Combining these ingredients will transform your meal into a flavorful and satisfying experience. Enjoy crafting your peanut tempeh masterpiece!
Why You’ll Love This Peanut Tempeh
When you think of delicious plant-based protein, peanut tempeh pan-fried tops the list. This recipe isn’t just a dish; it’s a delightful narrative of flavors and textures, waiting to elevate your weeknight dinners or impress your friends at a gathering. It’s an effortless way to introduce healthy ingredients while still keeping your taste buds wanting more.
Protein-Packed Goodness
Tempeh is a fermented soy product that packs a powerful protein punch. With about 31 grams of protein per cup, it’s a fantastic meat alternative that’s not only satisfying but also incredibly nutritious. Think about effortlessly incorporating more protein into your diet without compromising taste.
Irresistible Flavor Combinations
What makes this dish special is the combination of peanut butter with savory soy sauce and spicy garlic. This trio harmonizes beautifully during the frying process, resulting in a golden, crispy exterior paired with a nutty, tender interior. Each bite feels as indulgent as it does wholesome.
Quick and Easy Preparation
The straightforward cooking process allows you to whip up this meal even on the busiest of nights. In under 30 minutes, you can serve a dish that’s bursting with nutrients and flavor—making it perfect for those hectic weeknights when you still want to enjoy a hearty meal.
Embrace the joy of cooking with this peanut tempeh pan-fried recipe—trust me, your taste buds will thank you!

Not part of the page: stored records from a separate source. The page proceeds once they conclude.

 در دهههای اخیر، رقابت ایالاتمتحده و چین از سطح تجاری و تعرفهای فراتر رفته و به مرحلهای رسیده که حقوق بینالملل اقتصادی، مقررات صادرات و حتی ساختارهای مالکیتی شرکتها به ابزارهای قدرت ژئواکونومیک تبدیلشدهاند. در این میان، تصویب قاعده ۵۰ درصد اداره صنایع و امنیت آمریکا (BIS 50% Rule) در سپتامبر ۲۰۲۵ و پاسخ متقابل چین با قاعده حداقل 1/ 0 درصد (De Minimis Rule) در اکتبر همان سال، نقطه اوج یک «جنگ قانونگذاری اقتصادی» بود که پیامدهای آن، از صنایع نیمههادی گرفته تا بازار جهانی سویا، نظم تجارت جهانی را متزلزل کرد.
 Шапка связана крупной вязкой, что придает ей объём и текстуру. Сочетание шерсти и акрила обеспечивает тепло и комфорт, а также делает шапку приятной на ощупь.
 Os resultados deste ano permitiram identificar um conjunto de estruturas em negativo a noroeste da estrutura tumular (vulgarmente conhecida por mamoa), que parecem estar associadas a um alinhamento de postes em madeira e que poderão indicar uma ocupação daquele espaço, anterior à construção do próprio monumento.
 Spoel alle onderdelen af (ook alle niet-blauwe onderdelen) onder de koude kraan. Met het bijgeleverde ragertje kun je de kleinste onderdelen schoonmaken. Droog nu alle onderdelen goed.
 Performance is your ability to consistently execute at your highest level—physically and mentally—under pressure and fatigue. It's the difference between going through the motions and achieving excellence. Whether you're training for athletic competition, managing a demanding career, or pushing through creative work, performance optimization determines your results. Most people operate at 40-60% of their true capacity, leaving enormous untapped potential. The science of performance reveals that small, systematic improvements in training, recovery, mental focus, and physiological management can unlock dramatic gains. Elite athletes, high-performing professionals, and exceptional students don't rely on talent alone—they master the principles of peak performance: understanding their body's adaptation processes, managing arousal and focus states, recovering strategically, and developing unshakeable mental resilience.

Tips for Making the Perfect Peanut Tempeh
Crafting the ideal peanut tempeh dish isn’t just about the ingredients; it’s about embracing the cooking process. There’s something rewarding in transforming humble tempeh into a star dish, and with these tips, you’ll unlock its full potential.
Choosing Quality Tempeh
Opt for fresh, organic tempeh whenever possible. The flavor and texture of high-quality tempeh significantly enhance your dish. Look for tempeh that is creamy and well-fermented, with a nutty aroma that hints at its rich flavors.
Marinating for Flavor
Marinating your tempeh before pan-frying is a game-changer. A mix of peanut butter, soy sauce, and a splash of lime juice can soak in beautifully, enriching the flavors. Aim for at least 30 minutes in the fridge. Trust me, that patience pays off!

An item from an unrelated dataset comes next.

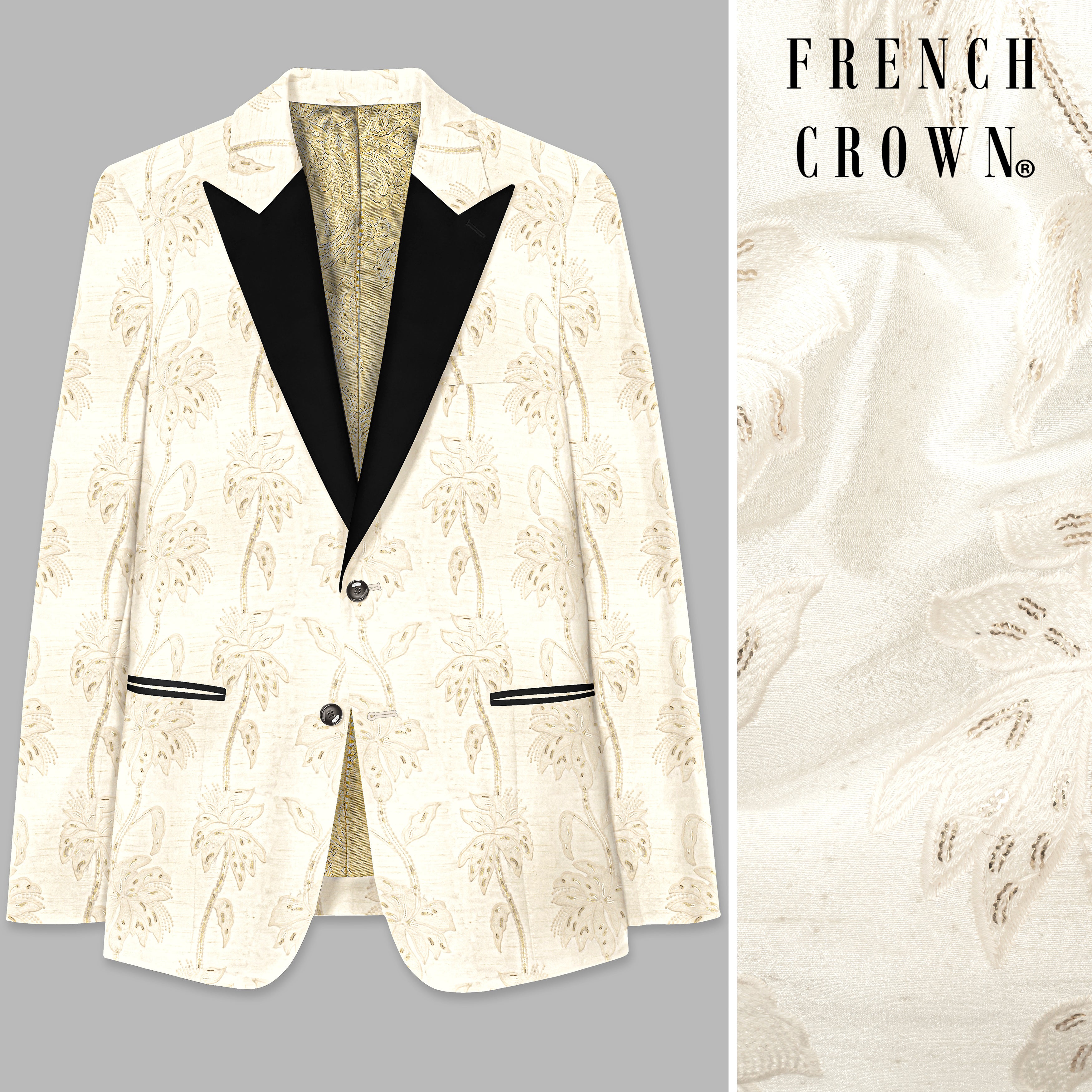 Bright White Designer Sequin And Thread Embroidered Peak Lapel Tuxedo Blazer

Perfecting the Pan-Frying Technique
When pan-frying your peanut tempeh, avoid overcrowding the pan. Give each piece enough space to crisp up nicely without steaming. A medium-high heat works best: hot enough to get that lovely golden crust, but not so high that you burn the surface while the inside remains cold.
Serving Suggestions
Pair your peanut tempeh pan-fried with steamed vegetables or a fresh salad! The creaminess of peanut sauce complements crunchy textures, creating a delightful meal that’s both satisfying and nutritious.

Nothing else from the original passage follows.